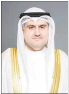
وزير العدل المستشار ناصر السميح

في إطار التزام الدولة الدستوري والاجتماعي بحماية كيان الأسرة وتعزيز استقرارها بوصفها اللبنة الأساسية للمجتمع، صدر في الجريدة الرسمية أمس المرسوم بقانون رقم (11) لسنة 2026 في شأن الحماية من العنف الأسري. وأكدت المحكمة الإيضاحية أن القانون نقلة نوعية بتأسيس نظام متكامل يهدف إلى الوقاية من العنف الأسري؟
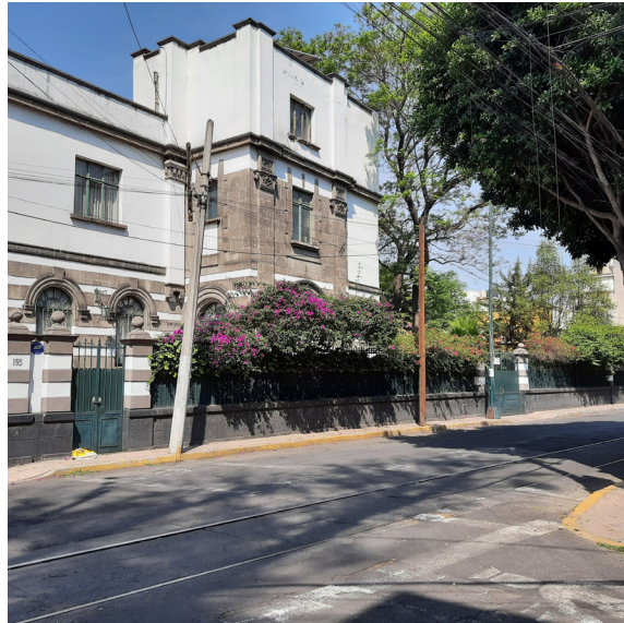
Figura 9. Arquitectura o hito mayor del barrio.
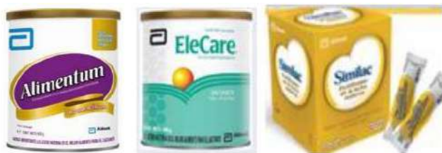
Marcas de fórmula infantil en polvo

Pro Consumidor en conjunto con DIGEMAPS, informa a los consumidores dominicanos que de acuerdo a la alerta emitida por la Food and Drugs Administration (FDA), la empresa Abbott, ha iniciado un retiro voluntario proactivo de algunas fórmulas infantiles en polvo, fabricadas en Sturgis, Michigan, EE.UU
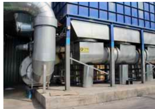
A Zrínyi Nyomda Zrt. kiemelt figyelmet fordít a szelektív hulladékkezelésre és újrahasznosításra

– A papírhulladékot szelektíven gyűjtjük, és különböző szelektációs ismervek alapján igyekszünk a lehető legjobban szétválasztani és újrahasznosítani, annak érdekében, hogy az a lehető legkevésbé legyen terhelő a környezet számára. A hulladékkezelésre használt elszívórendszerünk azonnal szétválasztja a különböző selejteket, illetve a gyártás folyamán keletkező terméket. Leszerződöttünk egy német céggel, amely a különböző típusú már szétválogatott hulladékterméket elszállítja tőlünk és Németországban újra feldolgozza. Ez visszakerül a papírgyárakba, ahonnan mi megvásároljuk a kész papírterméket. Azaz a selejtből újra alapanyag lesz, hozzánk pedig a legyártott kész papírtekercs kerül vissza, ezáltal biztosítani tudjuk, hogy a legkisebb környezetterhelés történjen meg. Az általunk használt papírok 50–80 és 100 százalékban újrahasznosítottak. A folyamat során mindent újrahasznosítunk, amit csak lehet. Hogy az általunk gyártott szőlápoknak a szelektív visszagyűjtése például az üzletekben, mikor történik majd meg, az még a jövő kérdése. Természetesen az is előrelépés, ha a fogyasztók a szőlápokat a lakossági szelektív papírgyűjtőbe dobják be.
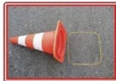
конус упал и находится за пределами своей разметки
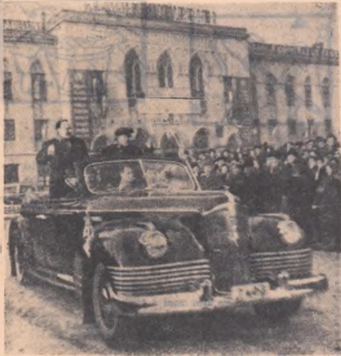
Înălții oaspeți împreună cu conducătorii de partid și de stat romîni sînt aclamați cu căldură de cetățenii orașului Iași.

● Conform hotărîrii Consiliului permanent de solidaritate a popoarelor Asiei și Africii, ziua de 1 martie a fost proclamată zi de luptă pentru interzicerea armei atomice.
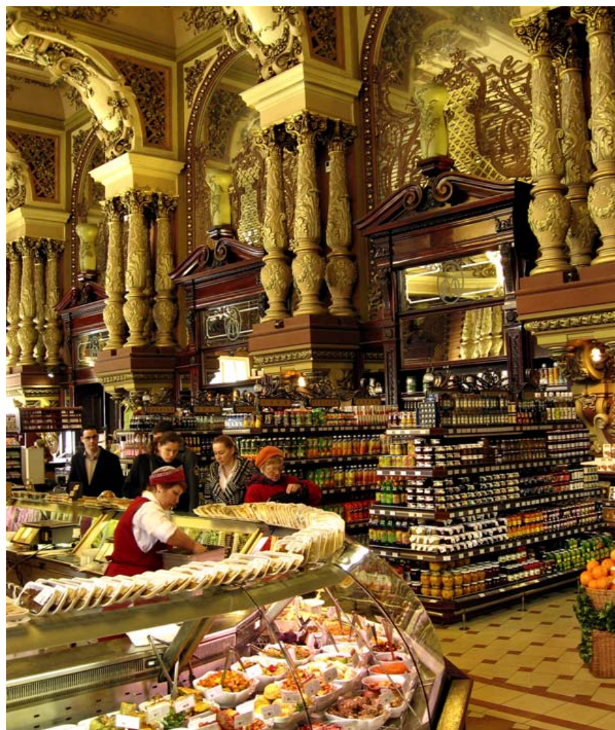
I storslåede omgivelser gør rige moskovitter deres indkøb. Det berømte Jelisejev-supermarkedet åbnede i 1901 og har også en filial i Sankt Petersborg.

§ TASK OBJECTIVE
Give back exactly the lines from the first line of the data through the line with "A Zrínyi Nyomda", pictures excluded.

§ ANSWER FOR THIS EXERCISE
وزير العدل المستشار ناصر السميح

في إطار التزام الدولة الدستوري والاجتماعي بحماية كيان الأسرة وتعزيز استقرارها بوصفها اللبنة الأساسية للمجتمع، صدر في الجريدة الرسمية أمس المرسوم بقانون رقم (11) لسنة 2026 في شأن الحماية من العنف الأسري. وأكدت المحكمة الإيضاحية أن القانون نقلة نوعية بتأسيس نظام متكامل يهدف إلى الوقاية من العنف الأسري؟
Figura 9. Arquitectura o hito mayor del barrio.
Marcas de fórmula infantil en polvo

Pro Consumidor en conjunto con DIGEMAPS, informa a los consumidores dominicanos que de acuerdo a la alerta emitida por la Food and Drugs Administration (FDA), la empresa Abbott, ha iniciado un retiro voluntario proactivo de algunas fórmulas infantiles en polvo, fabricadas en Sturgis, Michigan, EE.UU
A Zrínyi Nyomda Zrt. kiemelt figyelmet fordít a szelektív hulladékkezelésre és újrahasznosításra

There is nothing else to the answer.